### Task item
The following data needs to be repeated exactly, with all images excluded.

##### Source data #####

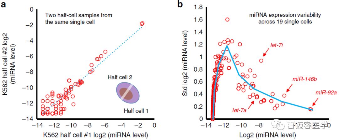 1、作者首先分別比較了來自同一細胞的半細胞單細胞microRNA測序和單細胞轉(zhuǎn)錄組測序之間的差異:該方法表現(xiàn)出良好的穩(wěn)健性(~95%成功率)和重現(xiàn)性(microRNA和mRNA的R2=0.93),產(chǎn)生可獨立驗證的成對半細胞microRNA和mRNA表達譜。
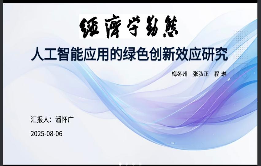 潘怀广同学分享的是梅冬州、张弘正和程琳发表在《经济学动态》2025年第6期上的文章“人工智能应用的绿色创新效应研究。文章基于2007—2022年中国A股制造业上市企业数据考察了人工智能应用对绿色创新的影响与机制。研究发现,人工智能应用显著推动了企业绿色创新“提质增量。进一步研究发现,人工智能应用有效提升了企业进行绿色创新的持续性并且抑制了企业的漂绿行为。
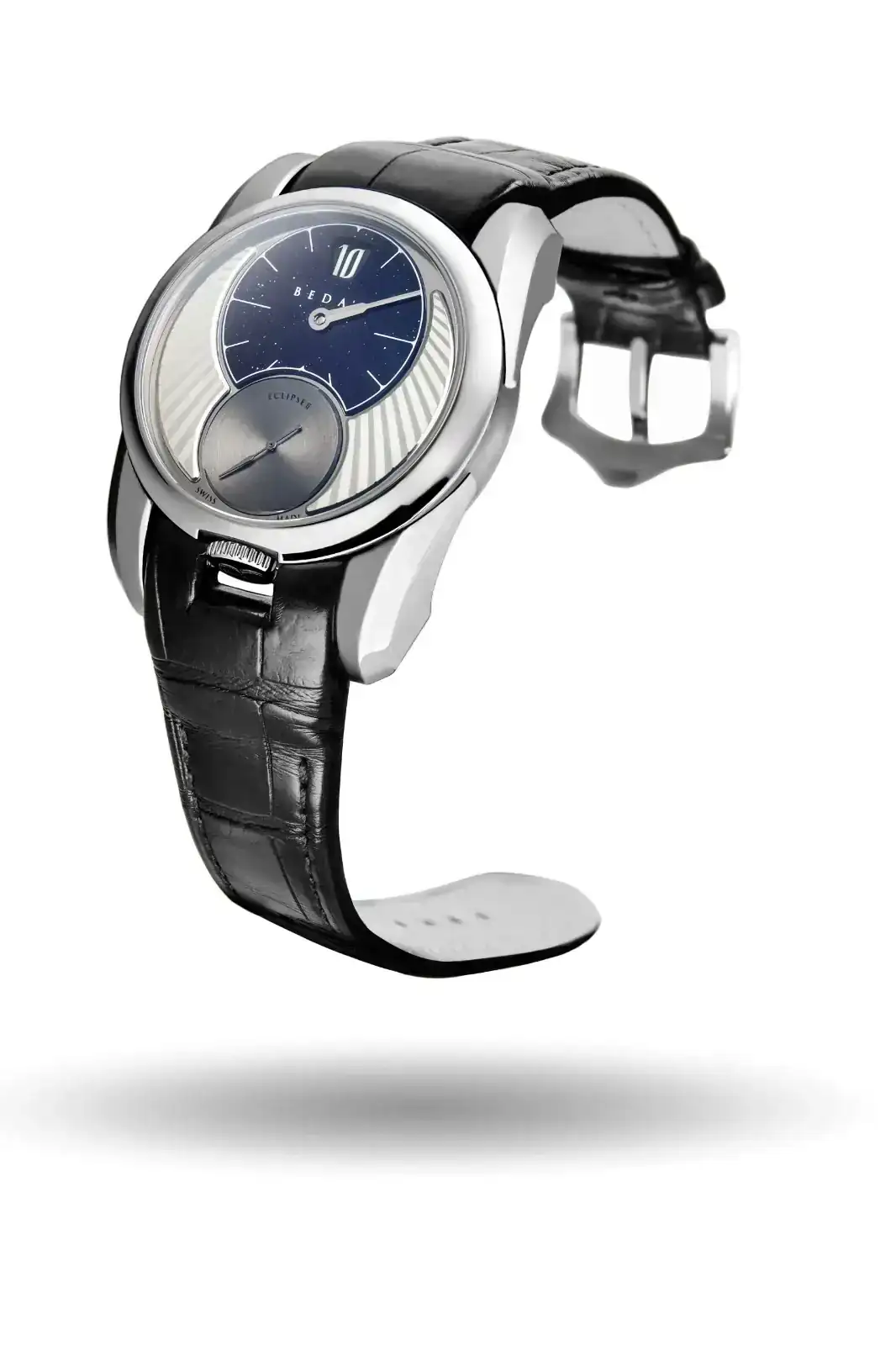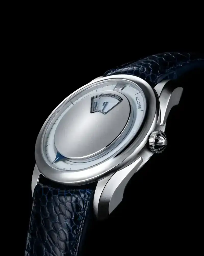 La otra es este peculiar Eclipse II, con 37mm de diámetro, corona a las 6, movimiento desarrollado con Dubois Depraz y pvp de 4000 CHF.
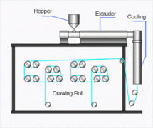 單絲 通過擠出機(jī)將高分子樹脂擠出細(xì)絲(如同從面條機(jī)中擠出面條一樣)形狀后進(jìn)行冷卻,再拉伸成細(xì)絲以增強(qiáng)細(xì)絲強(qiáng)度的成型方法。 單...

#####

### Solution to this exercise
 1、作者首先分別比較了來自同一細胞的半細胞單細胞microRNA測序和單細胞轉(zhuǎn)錄組測序之間的差異:該方法表現(xiàn)出良好的穩(wěn)健性(~95%成功率)和重現(xiàn)性(microRNA和mRNA的R2=0.93),產(chǎn)生可獨立驗證的成對半細胞microRNA和mRNA表達譜。
 潘怀广同学分享的是梅冬州、张弘正和程琳发表在《经济学动态》2025年第6期上的文章“人工智能应用的绿色创新效应研究。文章基于2007—2022年中国A股制造业上市企业数据考察了人工智能应用对绿色创新的影响与机制。研究发现,人工智能应用显著推动了企业绿色创新“提质增量。进一步研究发现,人工智能应用有效提升了企业进行绿色创新的持续性并且抑制了企业的漂绿行为。
 La otra es este peculiar Eclipse II, con 37mm de diámetro, corona a las 6, movimiento desarrollado con Dubois Depraz y pvp de 4000 CHF.
 單絲 通過擠出機(jī)將高分子樹脂擠出細(xì)絲(如同從面條機(jī)中擠出面條一樣)形狀后進(jìn)行冷卻,再拉伸成細(xì)絲以增強(qiáng)細(xì)絲強(qiáng)度的成型方法。 單...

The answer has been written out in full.